The answer must consist solely of the lines from the one containing "<헤이팝 레터>에서는 하나의" through the last line of the records, set down exactly and without any pictures.

Extracted data:
*-*-*

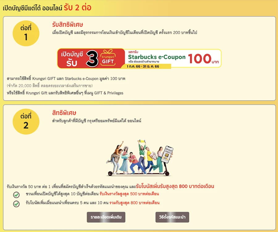 - สิทธิพิเศษนี้สำหรับลูกค้าใหม่ที่ยังไม่เคยเปิดบัญชีออมทรัพย์ มีแต่ได้ ออนไลน์ หรือลูกค้าที่เคยเปิดบัญชีออมทรัพย์ มีแต่ได้ ออนไลน์ และได้ปิดบัญชีก่อนวันที่ 1 กรกฎาคม 2566 เท่านั้น
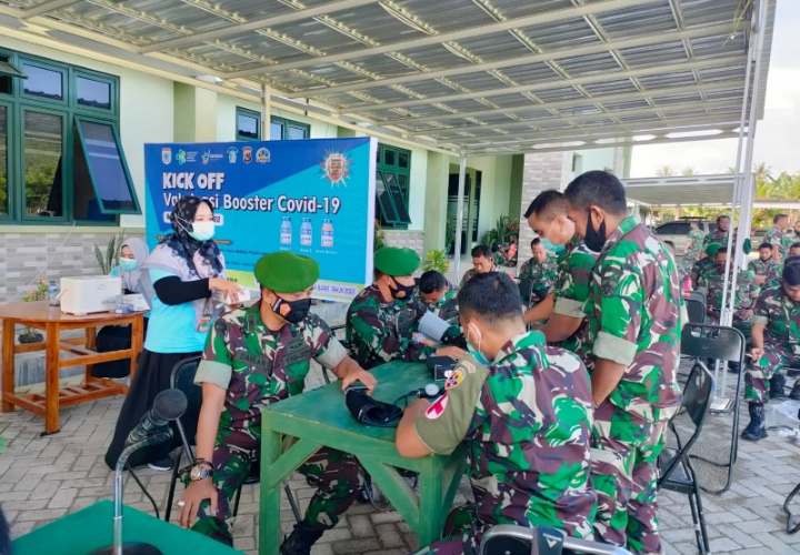 “Mengutip apa yang disampaikan Dirjen Pencegahan dan Pengendalian Penyakit dr. Maxi Rein Rondonuwu mengatakan bahwa hasil studi menunjukkan telah terjadi penurunan antibodi pada 6 bulan setelah mendapatkan vaksinasi COVID-19 dosis primer lengkap, sehingga dibutuhkan pemberian dosis lanjutan atau booster untuk meningkatkan proteksi individu terutama pada kelompok masyarakat rentan”, ungkap Kasdim.
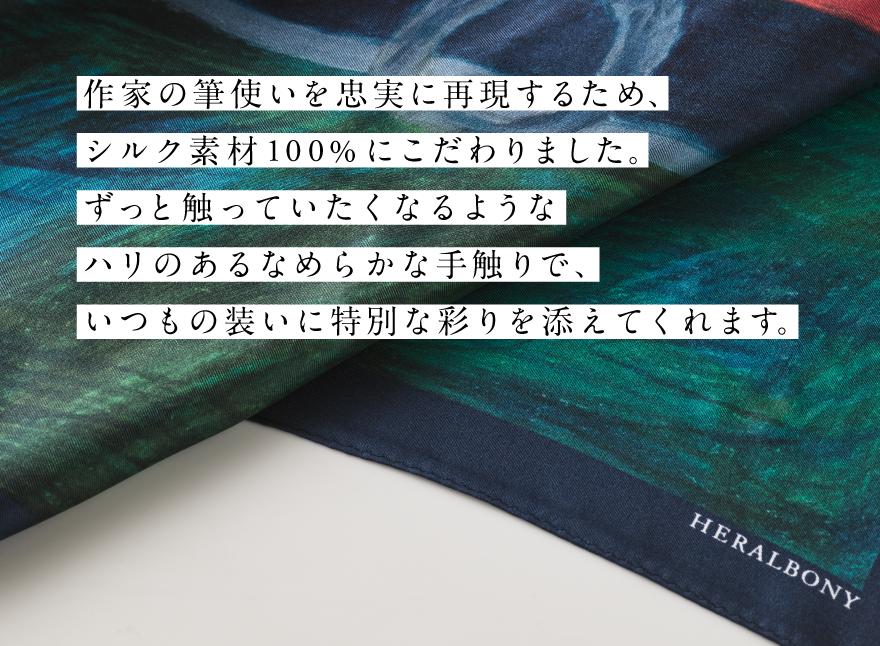 - ヘラルボニー シルクスカーフ Hiroshi Yoshida 「ヴェネチアのフルーツ船」 スカーフ ファッション シルク ギフト 大判 日本製 HERALBONY 岩手県 盛岡市
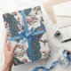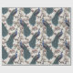 Dieses farbenprächtige blaue Pfau & Magnolia Wildlife Wrapping Paper zeigt ein in Chinoiserie-Stil gezeichnet Muster von hand blauen und aquamarinen Pfauen, die auf den Magnolienbaumzweigen in Blüte auf elegantem Elfenbeinhintergrund stehen.
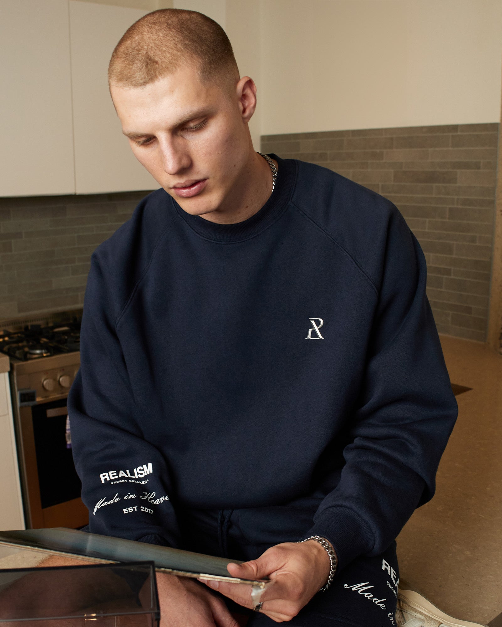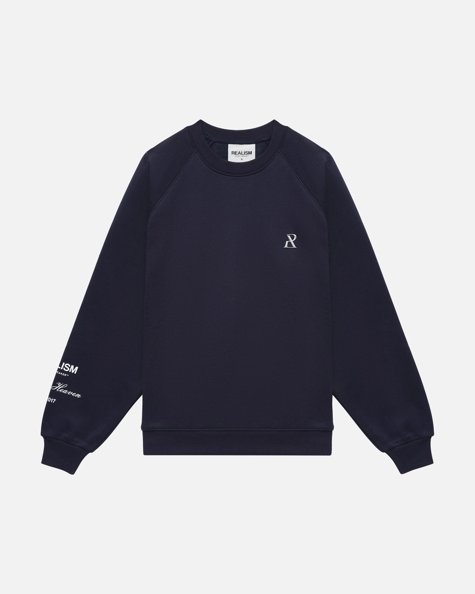 The classic crewneck silhouette is refreshed with a deluxe signature from our Radiant collection. Made with our signature comfy fleece in a oversized Royal Navy guise, this crewneck features metal accents including a custom "R" branded chest emblem and tag. A sleeve and centre back print ties together the design.
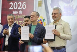 Morelia, Michoacán, 26 de febrero de 2026.– A fin de agilizar y simplificar los trámites que realiza la población ante el Gobierno de Michoacán y el Gobierno Federal, el gobernador Alfredo Ramírez Bedolla firmó un convenio de colaboración con José Antonio Peña Merino, titular de la Agencia de Transformación Digital y Telecomunicaciones.
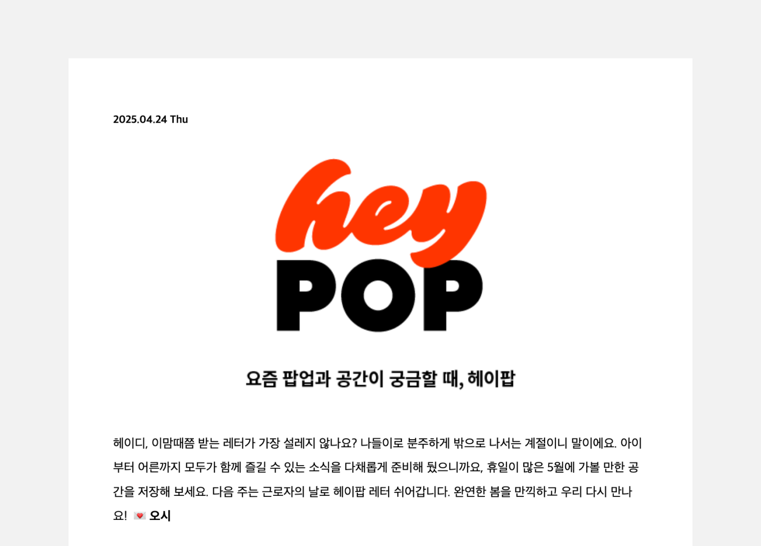 <헤이팝 레터>에서는 하나의 프로젝트를 깊이 있게 다룰 때 한 회차 전체를 활용하고 '프로젝트 캐비닛'이라는 별도의 코너로 소개합니다. 반면, 빠르게 다양한 정보를 접하는 것이 중요한 트렌드나 팝업 소식 등은 단신 형태로 간결하게 전하고, 자세한 내용은 홈페이지 링크를 통해 확인할 수 있도록 안내합니다. 콘텐츠의 성격에 따라 뉴스레터 코너를 구분해 깊이와 효율성을 모두 잡은 것입니다.
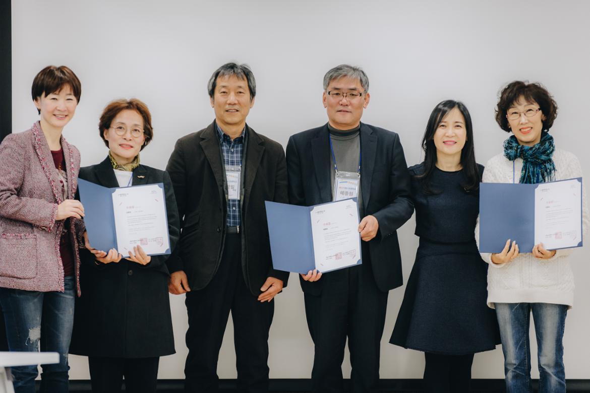 다음으로 1박 2일 워크숍을 포함하여 열두 번에 걸친 활동에 한 번도 빠짐없이 참석한 25명의 개근상 주인공들이 호명되었다. 학창 시절 성적 우수상보다 더 힘들다는 개근상을 중년이 되어 거머쥔다는 것은 대단한 성실성과 부지런함의 결과이다. 자부심 가득한 환호성이 무대를 흔들고 기념촬영 내내 미소가 가득하다. 상품도 있는 개근상은 정말 뿌듯한 좋은 상이다.

*-*-*

Written answer:
 <헤이팝 레터>에서는 하나의 프로젝트를 깊이 있게 다룰 때 한 회차 전체를 활용하고 '프로젝트 캐비닛'이라는 별도의 코너로 소개합니다. 반면, 빠르게 다양한 정보를 접하는 것이 중요한 트렌드나 팝업 소식 등은 단신 형태로 간결하게 전하고, 자세한 내용은 홈페이지 링크를 통해 확인할 수 있도록 안내합니다. 콘텐츠의 성격에 따라 뉴스레터 코너를 구분해 깊이와 효율성을 모두 잡은 것입니다.
 다음으로 1박 2일 워크숍을 포함하여 열두 번에 걸친 활동에 한 번도 빠짐없이 참석한 25명의 개근상 주인공들이 호명되었다. 학창 시절 성적 우수상보다 더 힘들다는 개근상을 중년이 되어 거머쥔다는 것은 대단한 성실성과 부지런함의 결과이다. 자부심 가득한 환호성이 무대를 흔들고 기념촬영 내내 미소가 가득하다. 상품도 있는 개근상은 정말 뿌듯한 좋은 상이다.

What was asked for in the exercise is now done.